With only 100 annotated documents, we can train a relationship classifier with good performance. In addition, we can use this initial model to automatically annotate hundreds of untagged data with minimal correction. This can significantly speed up the annotation process and improve model performance.

This is the end of the introduction to "how to use the BERT converter with spaCy3 to train joint entity and relational extraction classifiers". Thank you for reading.

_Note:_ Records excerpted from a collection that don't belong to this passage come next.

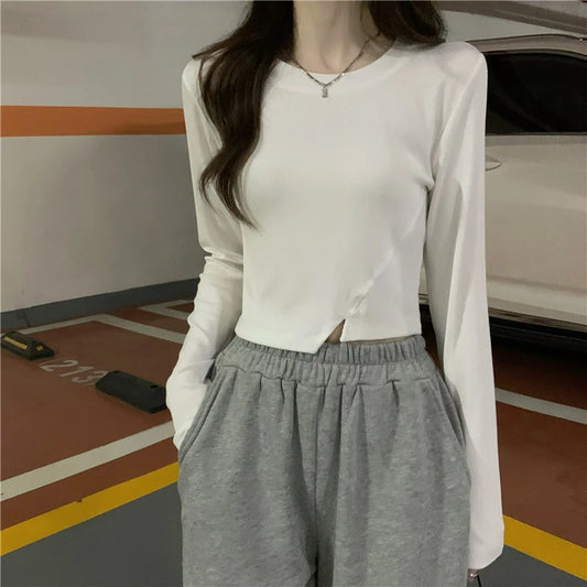 Women’s Vintage Y2K Crop Top Solid Long Sleeve Tee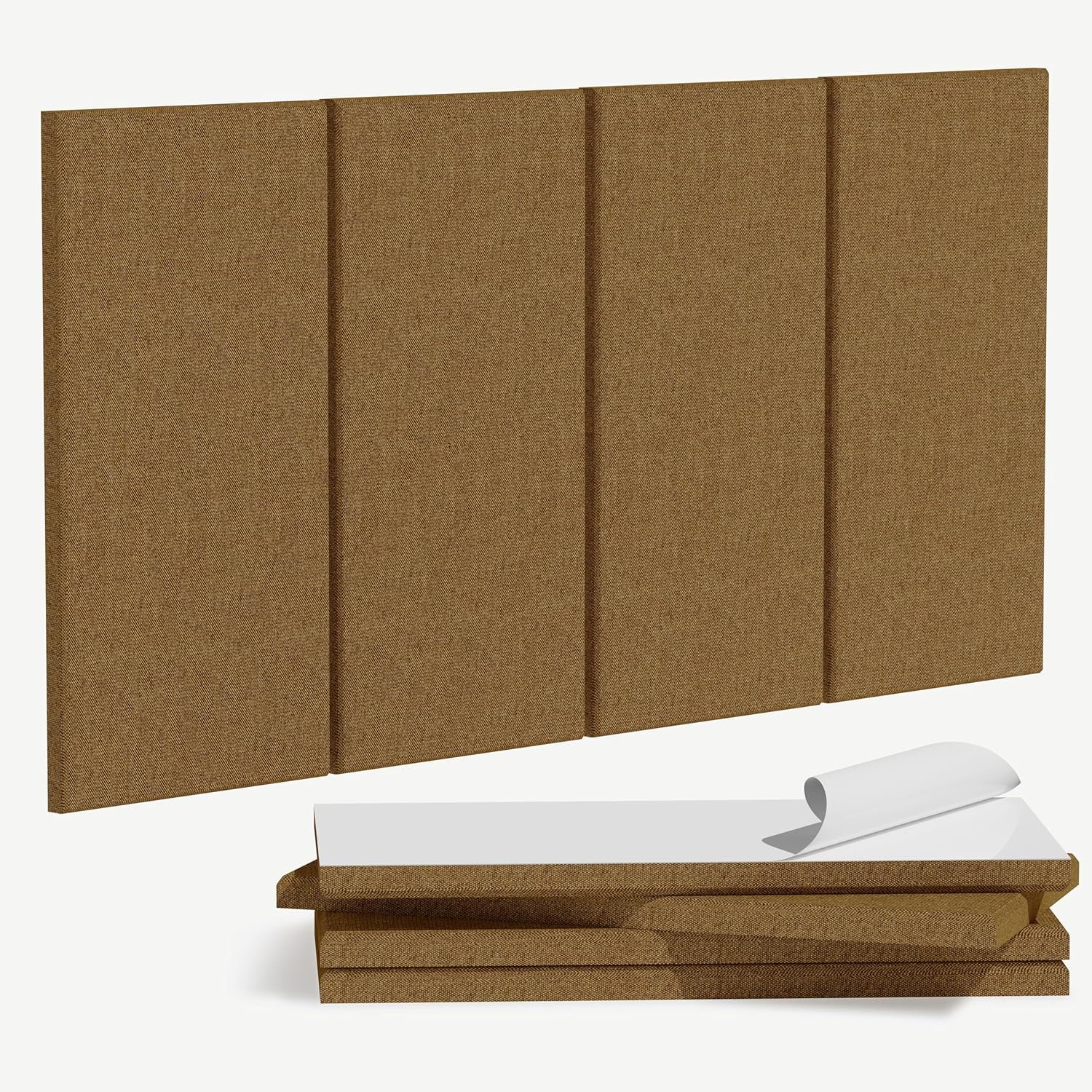 4PCS Acoustic Panels, 24"x12" Fabric Acoustic Panels for Walls, Self-Adhesive Sound Absorbing Panels for Home, Office, Studios (Camel Hazel)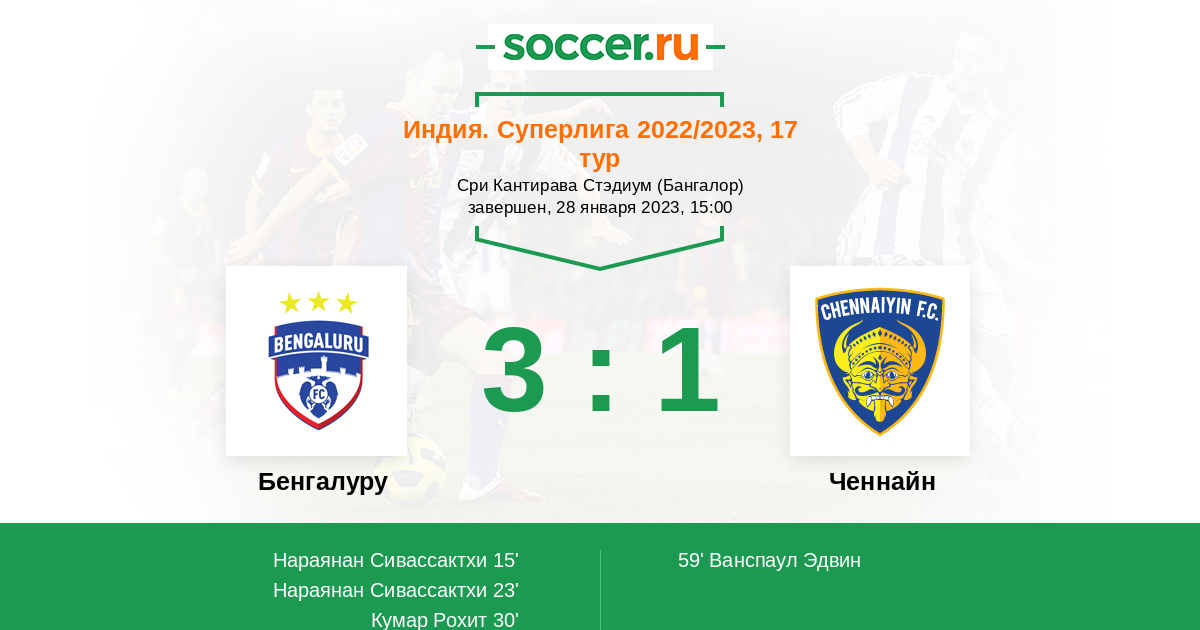 15' (1:0) Нараянан Сивассактхи (39) (Кришна Рой (22))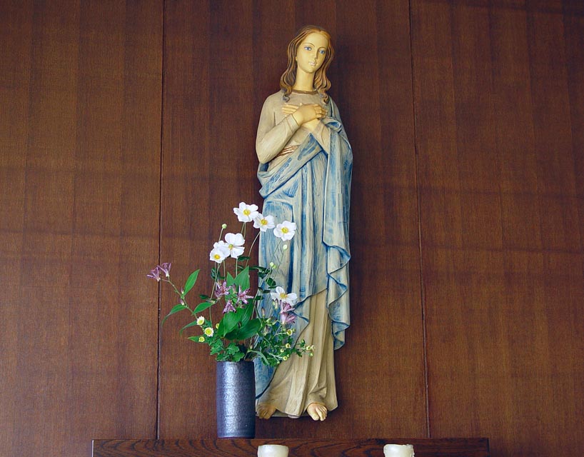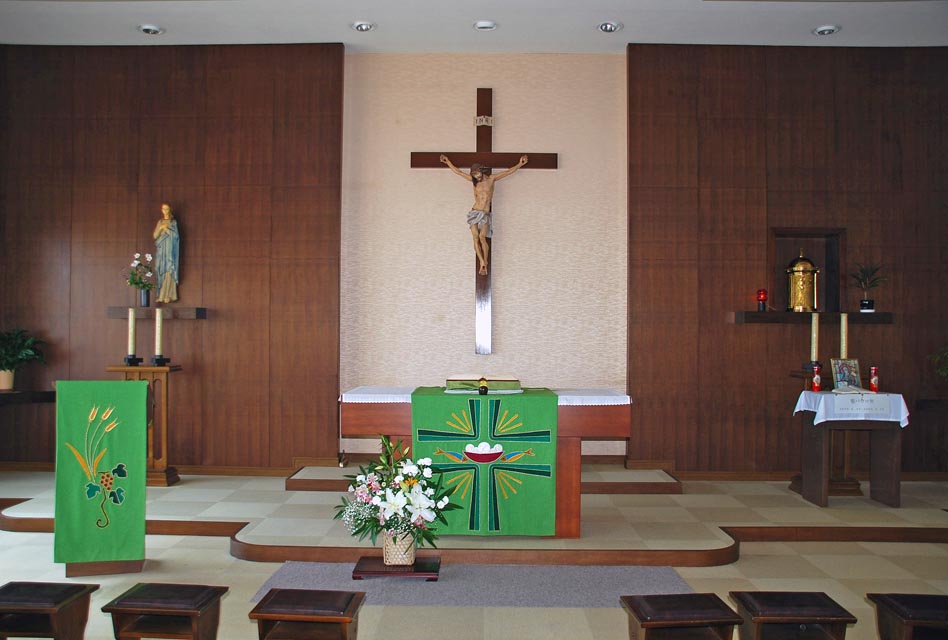 1966年には、幼稚園と司祭館が建設され、幼稚園ホールで主日のミサが行われるようになりました。平日のミサや集会は司祭館の小聖堂で行われ、司祭も常駐するようになりました。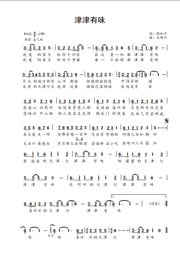 歌曲《津津有味》 作词:鲍和平 作曲:王伟州 演唱:张晏蓉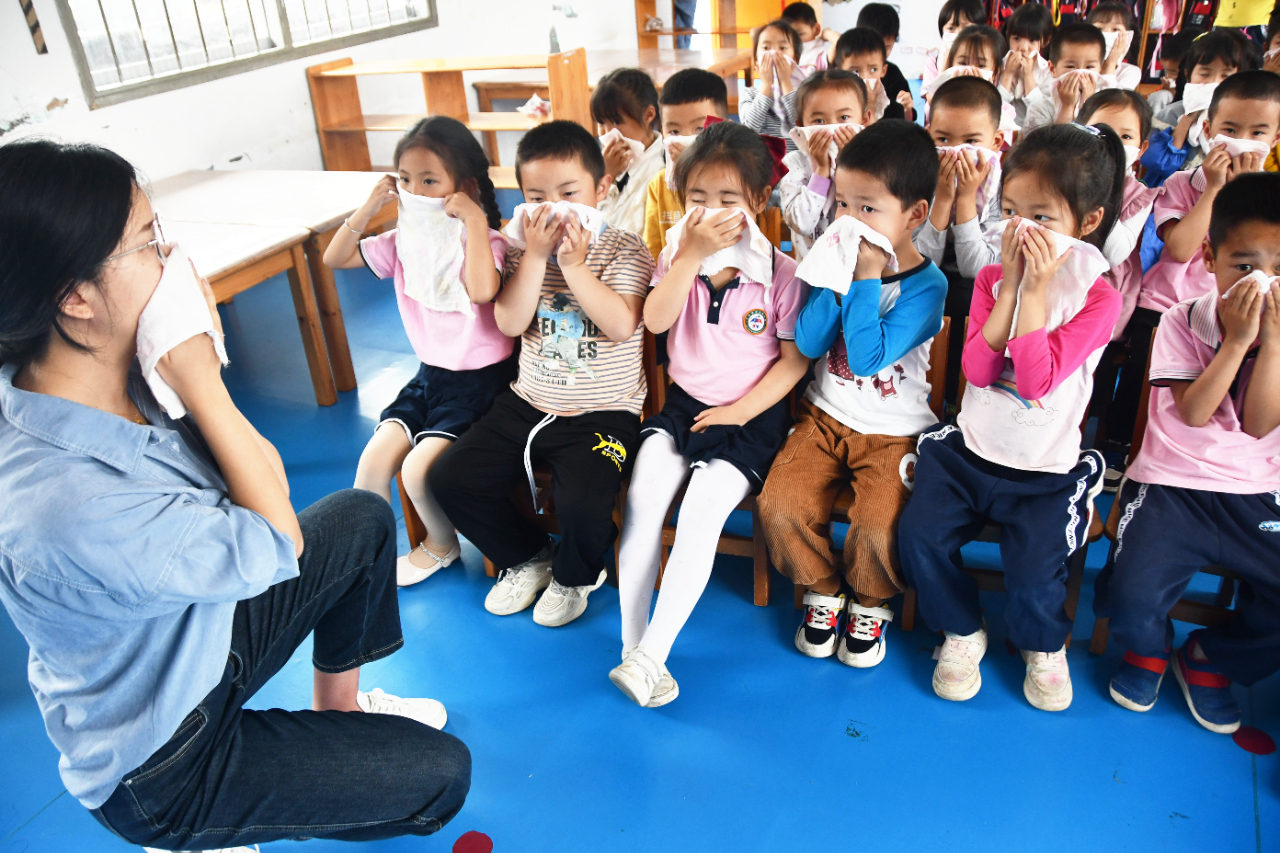 5月11日,湖南省永州市江永县中心幼儿园老师在向孩子们讲解防震减灾知识。连日来,该县各中小学幼儿园校开展应急避险教育活动,普及防灾减灾知识,以强化学生们的安全意识,提高自救自护能力,迎接第14个全国“防灾减灾日”到来。 田如瑞 摄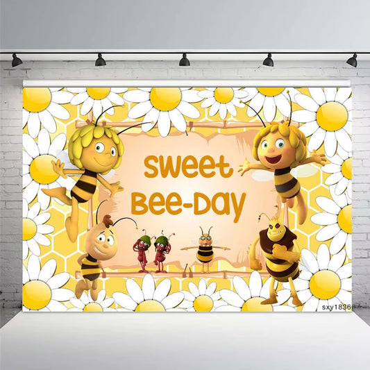 Maya the Bee Photography Background Sunflowers Baby Bee Day Newborn Backdrops Photo Studio Birthd...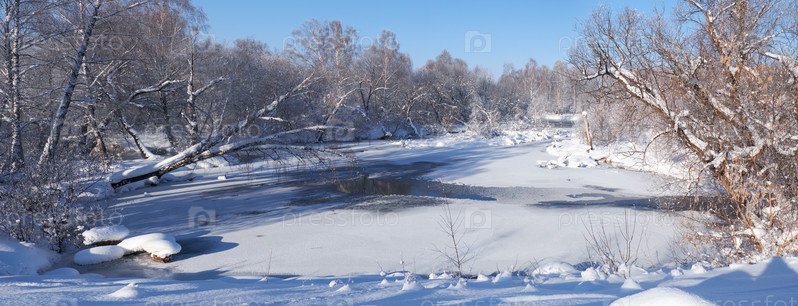 Река Кокша в окружении деревьев под инеем и снегом в Алтайском крае в зимний сезон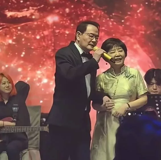 感情真挚之处,林爸爸还牵着林妈妈的手在台上深情唱歌,表情动人且气质优雅。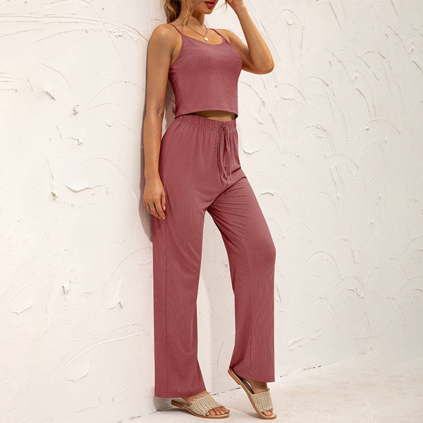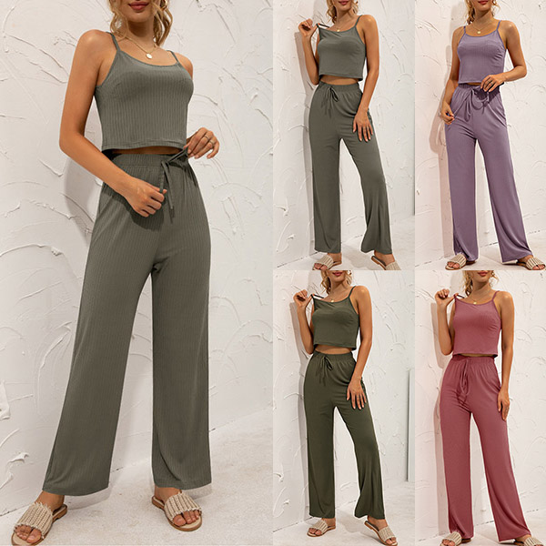 Looking for something comfortable and stylish to wear this summer? Check out this Two-piece Set! This set includes a crop top and wide-leg pants, both made from a soft and lightweight fabric. Hope you like it.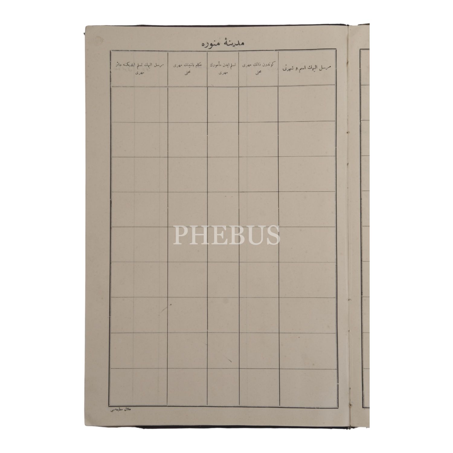 Her sene sürre alayı ile Mekke ve Medine´ye gönderilen eşyâ ve hediyelerin kaydının tutulduğu defter. Sütun başlıklarında gönderilen, gönderen, teslim eden memur, akkâm başı mührü ve teslim alanın mührü için yerler ayrılmıştır. Deftere kayıt girilmemiştir. İlk sayfalarda meşk ve dua tarzı karalamalar vardır.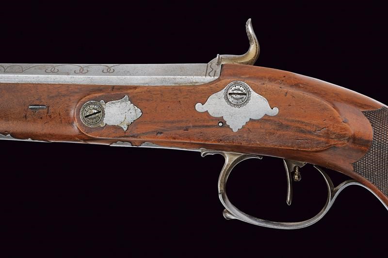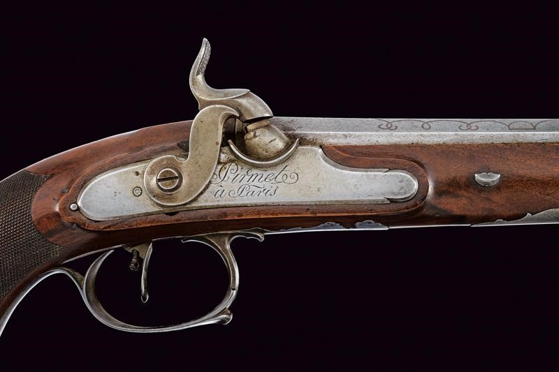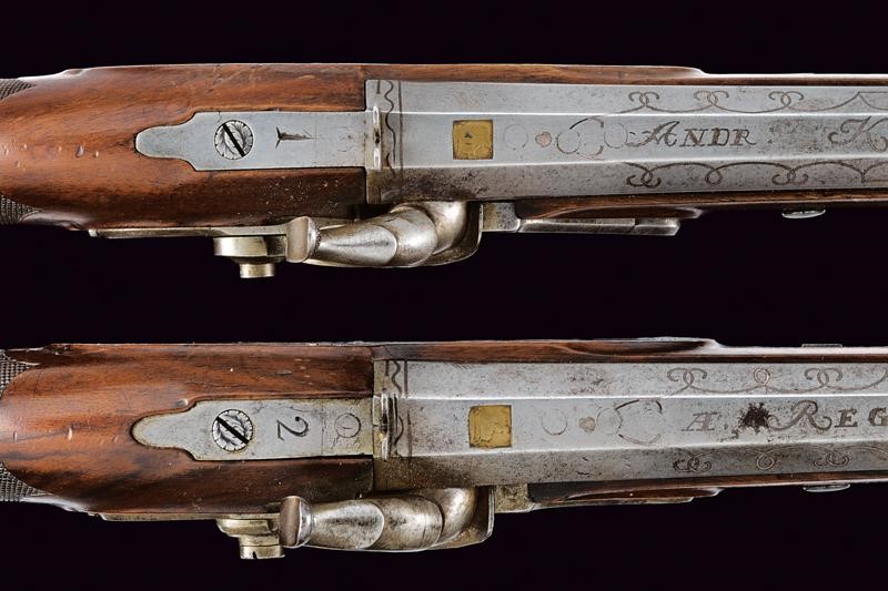 Canne di epoca anteriore, lisce, ottagonali, con mirino alla base, marchi rimessi in ottone (una mostra ancora il tipico cavallo della dinastia Kuchenreuther); su una canna firma in argento "ANDR. KUCHENREUTER" fra ghirlande, sull'altra "A. REGENSPURG" con la stessa decorazione; mirini in ottone, cal. 12 mm. Codette marcate "1" e "2". Batterie a molla in avanti firmate "Pirmet à Paris". Casse intere in legno con calcio zigrinato e coccia ottagonale, fornimenti lisci in ferro, i ponticelli con due fori (probabilmente per fissare un poggiadito). Grilletti con sensibilizzatore. Meccaniche funzionanti, un sensibilizzatore non tiene, da regolare. Bacchette in legno con battipalla in corno e cavastracci in ottone.
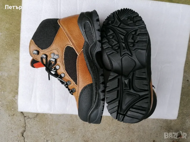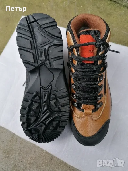 Продавам чисто нови качествени дамски туристически /зимни, трисезонни / високи обувки. Обувките имат вградена водоустойчива мембрана. Имат протектор за удар в камък. Кожата е естествена лицева и промазана. Стелката е ортопедична с размер 24.5 см. Грайферите са пластични с добро сцепление. Обувките са дълготрайни.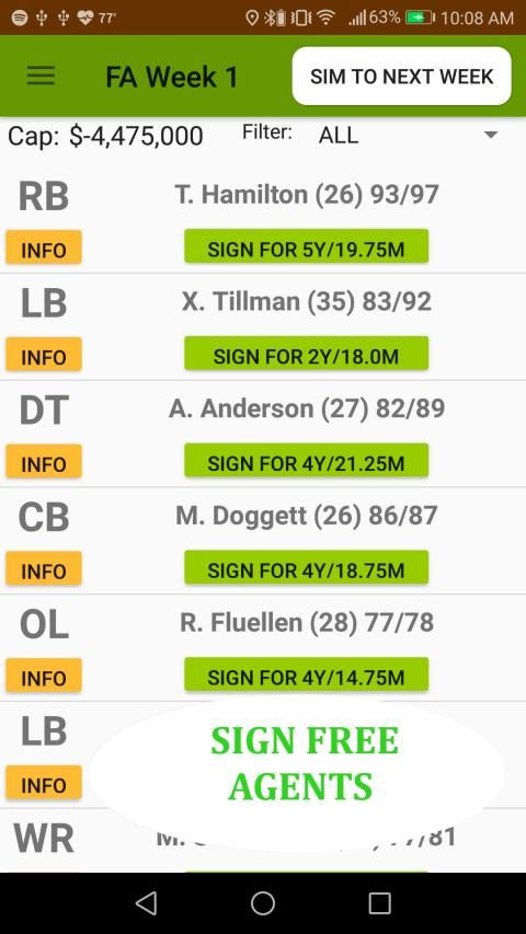 * Sign players in free agency. The game has 5 weeks of free agency and each week the players become cheaper to sign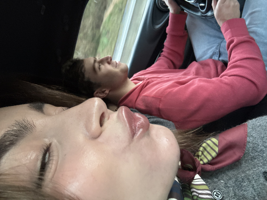 Two people are in a car. The person closest to the camera has long brown hair, fair skin, and wears a patterned scarf. Behind them lies another person in a pink top with hands on the steering wheel. Both appear to be relaxed. The background shows a blurry outdoor scene through the car window.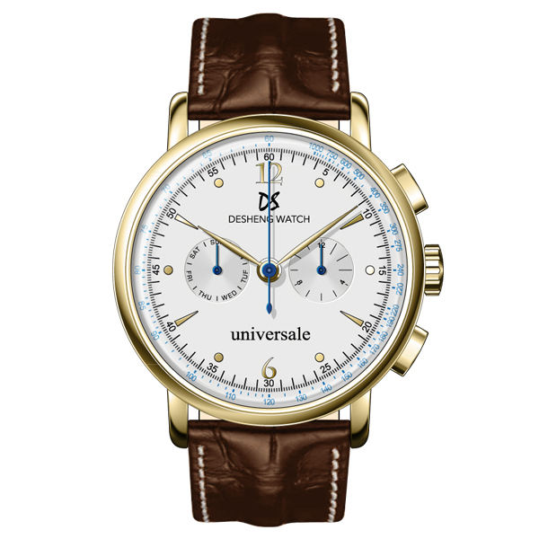 ลักษณะ:โครโนกราฟ, ปฏิทินที่สมบูรณ์, วัน / วัน, ข้างแรม, กันน้ำ, กันน้ำ, มือส่องสว่าง, การเคลื่อนไหวที่มองเห็นได้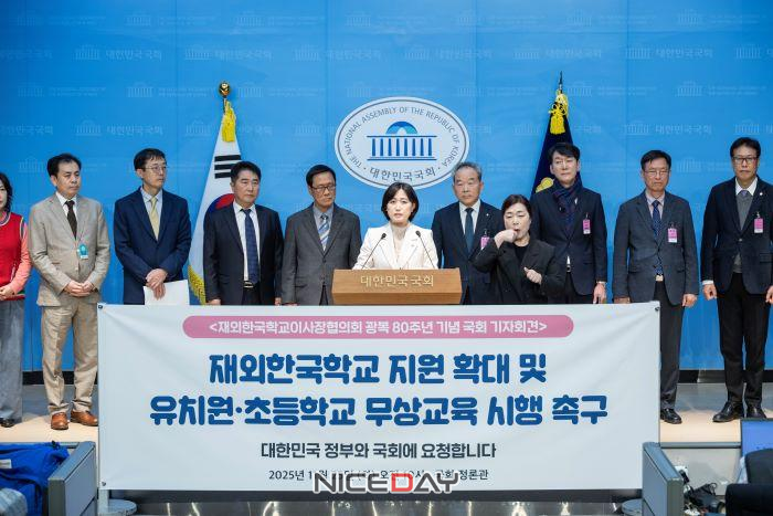 이에 재외한국학교이사장협의회(이상철 회장·중국 소주한국학교 이사장)는 기자회견에서 “재외한국학교와 재외동포 교육지원은 대한민국 역대 정부와 대통령께서 해외 순방 때마다 700만 재외동포사회에 약속해 온 국가적 책무”라며 “유치원과 초등학교부터 단계적으로 무상교육·무상급식을 도입하고, 노후화된 교육환경을 획기적으로 개선하는 등 재외한국학교와 재외동포교육이 내실있게 운영될 수 있도록 정부와 국회가 적극적으로 나서달라”고 촉구했다.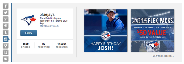Here, the Toronto Blue Jays have done a great job of displaying all of their social media channels. Users are able to click each of the buttons on the left, and the Blue Jays' account will show up with the option to follow or like the page. By clicking each channel, the user is also shown some of the most recent photos or posts on that specific channel.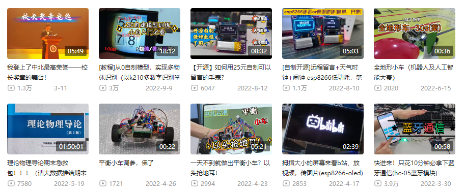 此外还有很多项目也是基于兴趣和求知欲的驱动下,从而沉浸其中。包括:“平衡小车”、让我学到了 PID 闭环控制;“激光跟随控制系统”让我学到了视觉图像处理与复杂控制逻辑;“智能污水处理系统”和“自制智能手表”让我学习了物联网芯片:esp8266、Hi3861 的使用与物联网远程控制的方法;“智能家居视频小车”让我学习了 linux 操作系统的开发方法、4G 无限远控制运动与视频流传输......这一切大大小小的项目实践,都使我对电子系统软硬件设计深感兴趣。

If you want to know more about the industry, you can follow the industry information channel. The editor will update different knowledge points for you every day.

Welcome to subscribe "Shulou Technology Information " to get latest news, interesting things and hot topics in the IT industry, and controls the hottest and latest Internet news, technology news and IT industry trends.

*The comments in the above article only represent the author's personal views and do not represent the views and positions of this website. If you have more insights, please feel free to contribute and share.